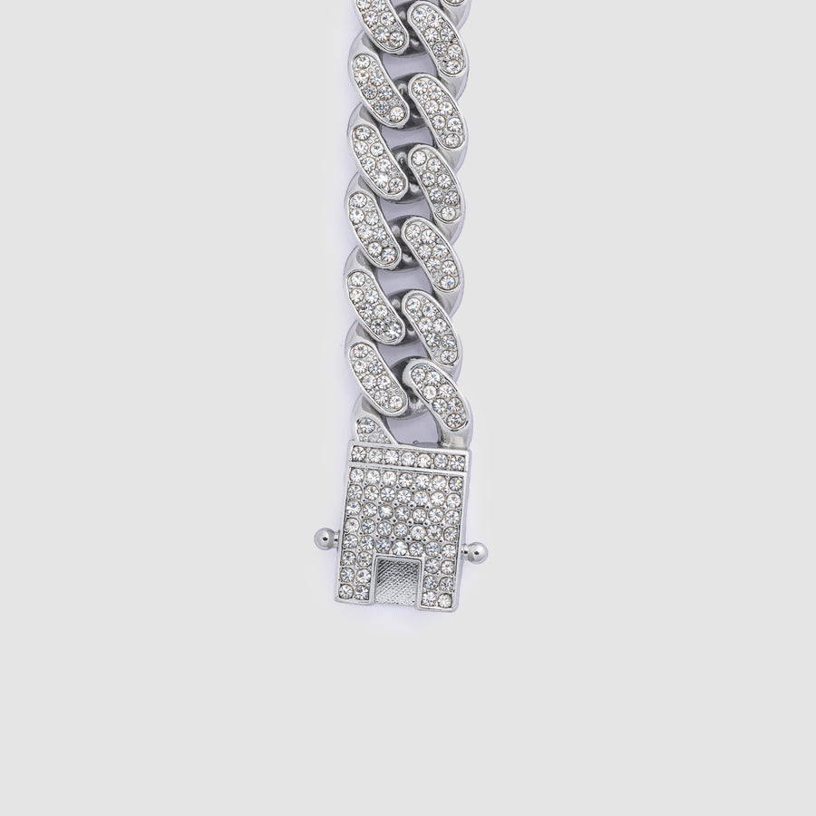 Glass Stone Cuban Bracelet Silver
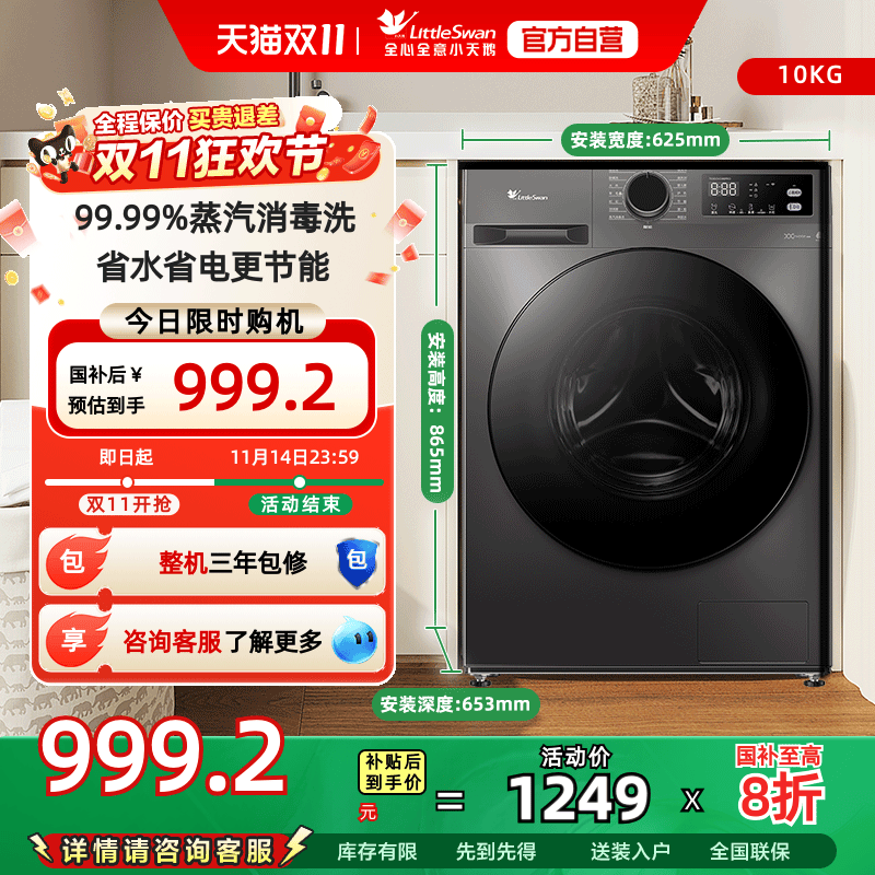 [纯平全嵌]小天鹅10KG小钢炮3超薄家用全自动滚筒洗烘一体洗衣机
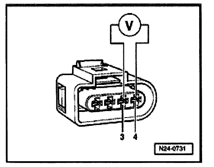 - Use adapter cables from VAG1594 to connect multimeter to terminals 3 + 4 (Motronic ECM connector) for voltage measurement.
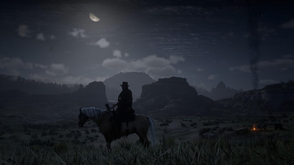 Red Dead Redemption, Cowboy, Night, Landscape 4K Wallpaper Background (3840x2160)
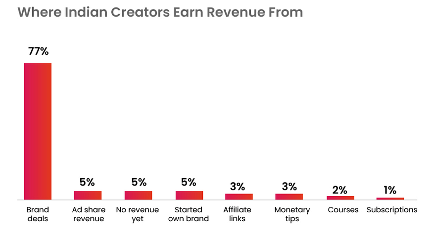 From a creator standpoint: Influencers with 100k+ followers already pay taxes on their earnings from large brand collaborations especially because of the large quantum of money involved. In all likelihood, this is MOST going to affect nano influencers (<10k followers) the most, since most of the collaborations they do are on a barter basis. As seen below, a SIGNIFICANT amount of creator revenue comes via brand deals: (Source)
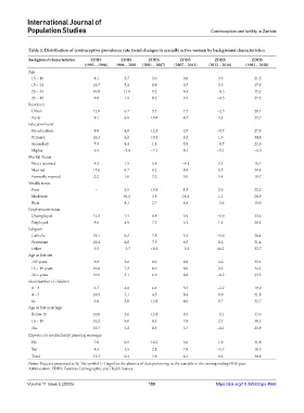 Table 2. Distribution of contraceptive prevalence rate trend changes in sexually active women by background characteristics
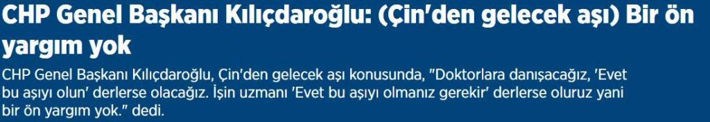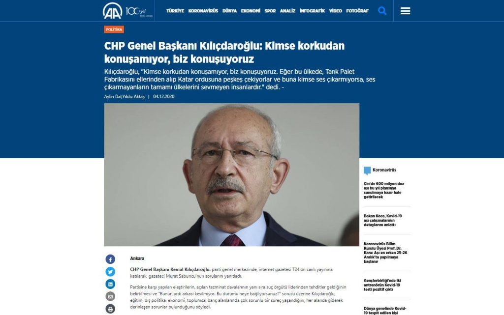 CHP Genel Başkanı Kemal Kılıçdaroğlu, T24'ten gazeteci Murat Sabuncu'nun sorularını yanıtladı. Devletin resmi haber ajansı Anadolu Ajansı, Kılıçdaroğlu'nun Sabuncu ile yaptığı söyleşiyi önce uzun versiyonuyla daha sonra başlığı değiştirip bazı bölümleri çıkarak servis etti. T24'ten Candan Yıldız'ın haberine göre, AA'da açıklamalarla ilgili süreç şöyle işledi: Anadolu Ajansı, ilk geçtiği haberde Kemal Kılıçdaroğlu'nun gazeteci Murat Sabuncu'nun sorularına verdiği yanıtlara geniş yer verdi. Haberin ilk versiyonunda "CHP Genel Başkanı Kılıçdaroğlu: Kimse korkudan konuşamıyor, biz konuşuyoruz" başlığı kullanıldı. Daha sonra değiştirilen başlıkta ise "CHP Genel Başkanı Kılıçdaroğlu: (Çin'den gelecek aşı) Bir ön yargım yok" manşeti kullanıldı. Haberin uzun versiyonunda Anadolu Ajansı, 27 Kasım’da Yargıtay’a üye olarak seçilen eski İstanbul Başsavcısı İrfan Fidan'ın, Yargıtay 12. Ceza Dairesi’nde görevlendirilmesinden birkaç gün sonra Anayasa Mahkemesi'ne üyeliği açıklamasıyla ilgili CHP liderinin "En büyük intihalcilerden birisidir Fidan" açıklamasını ara başlık olarak kullandı. AA daha sonra, haberin kısaltılmış versiyonunda Fidan'la ilgili bölümü kullanmadı; "Şu anda Yargıtay'da vicdan sahibi hakimlerin büyük kısmı rahatsız" ara başlığını korudu. Sonradan çıkarılan bölümde Kılıçdaroğlu Fidan için "Yargıya güven duyulur mu? AYM kararını en alttaki mahkeme uygulamadı. Bu, ‘Ben gücümü Saray’dan alıyorum. Hukuktan almıyorum. İlerde beni terfi edecek, bir yerlere getirecek kişiden alıyorum. Gücümü talimatlardan alıyorum’ demek oluyor. Ne oluyor? Yargıtay üyesi oluyor. Birisi AYM üyesi olacak. En büyük intihalcilerden birisidir. Siz bunu Yargıtay üyesi yaptınız. İntihal suç mu suç" demişti. CHP lideri Kılıçdaroğlu'nun, "Kimse korkudan konuşamıyor, biz konuşuyoruz" sözleri de Anadolu Ajansı'nın sonradan yenilediği haberde yer almadı. (T24) https://tele1.com.tr/kilicdaroglu-suikast-iddialariyla-ilgili-ilk-kez-konustu-280493/
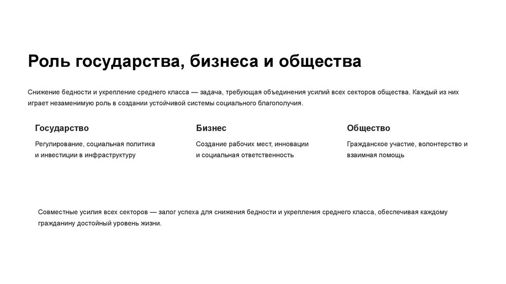 Роль государства, бизнеса и обществаСнижение бедности и укрепление среднего класса — задача, требующая объединения усилий всех секторов общества. Каждый из них
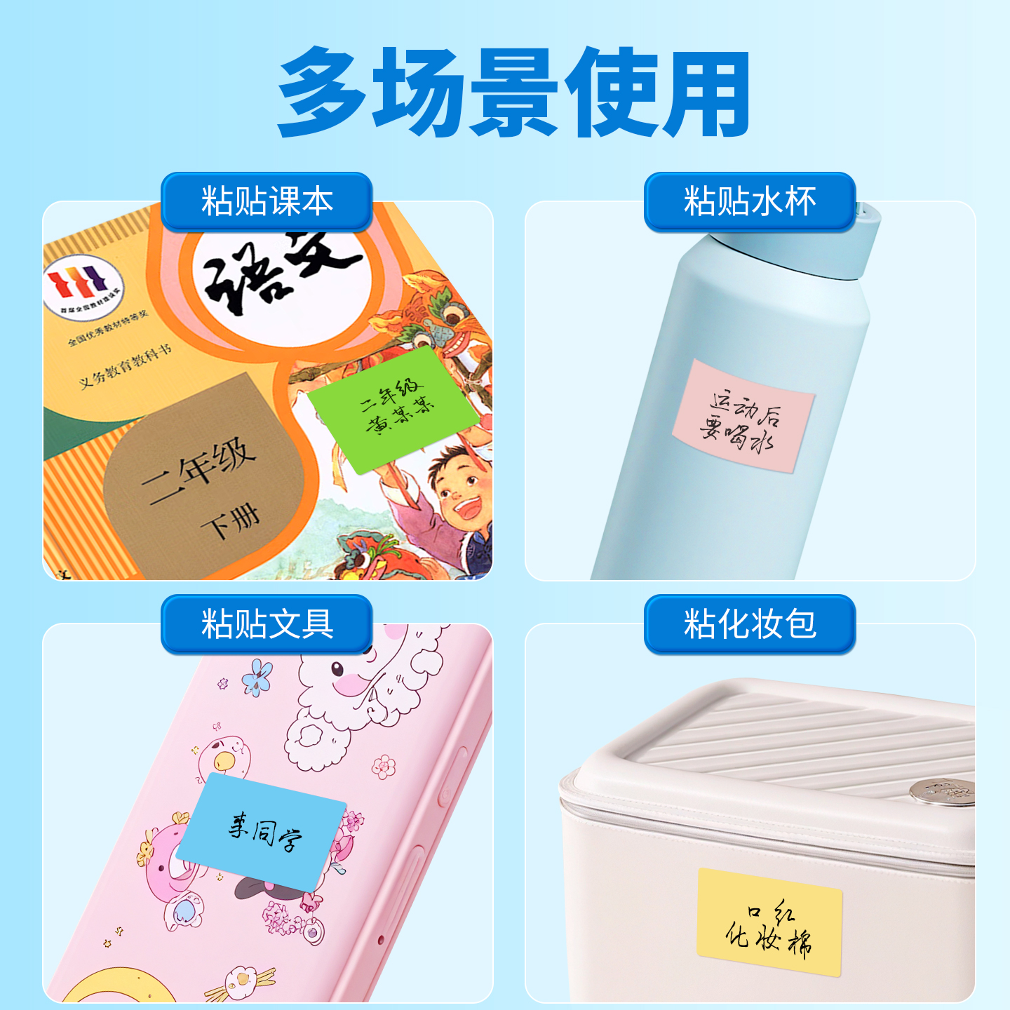 彩色防水易撕不留胶标签贴纸自粘贴可撕不干胶防油手写字姓名贴便利贴冰箱食物时间食品记号分类便签纸标签贴
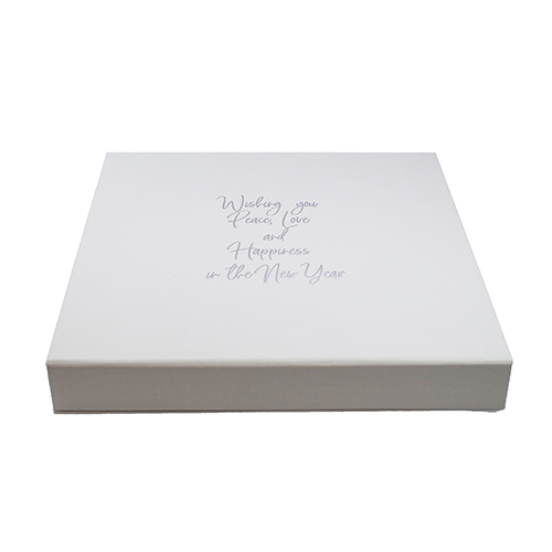Luxbox WIT met bedrukking in zilver 245x245/30mm (7 rijen)
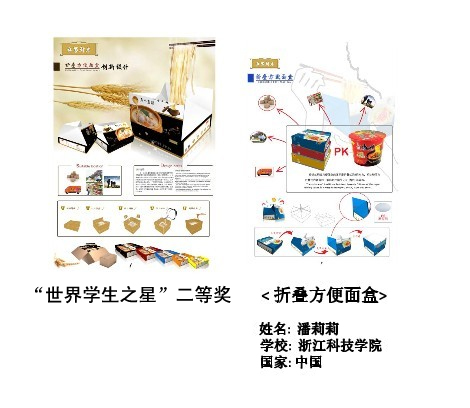 2010年世界包装组织包装设计大赛国际奖评审会议日前在北京闭幕,米乐官网轻工学院学生获得“世界学生之星”二等奖2 项,三等奖3项。

Exercise objective:
Although pictures appear among the entries, please set down only the lines from the one with "Red Dead Redemption, Cowboy, Night, Landscape" up to and including the one with "Table 2. Distribution", word for word.

Exercise result:
 Red Dead Redemption, Cowboy, Night, Landscape 4K Wallpaper Background (3840x2160)
 From a creator standpoint: Influencers with 100k+ followers already pay taxes on their earnings from large brand collaborations especially because of the large quantum of money involved. In all likelihood, this is MOST going to affect nano influencers (<10k followers) the most, since most of the collaborations they do are on a barter basis. As seen below, a SIGNIFICANT amount of creator revenue comes via brand deals: (Source)
 Table 2. Distribution of contraceptive prevalence rate trend changes in sexually active women by background characteristics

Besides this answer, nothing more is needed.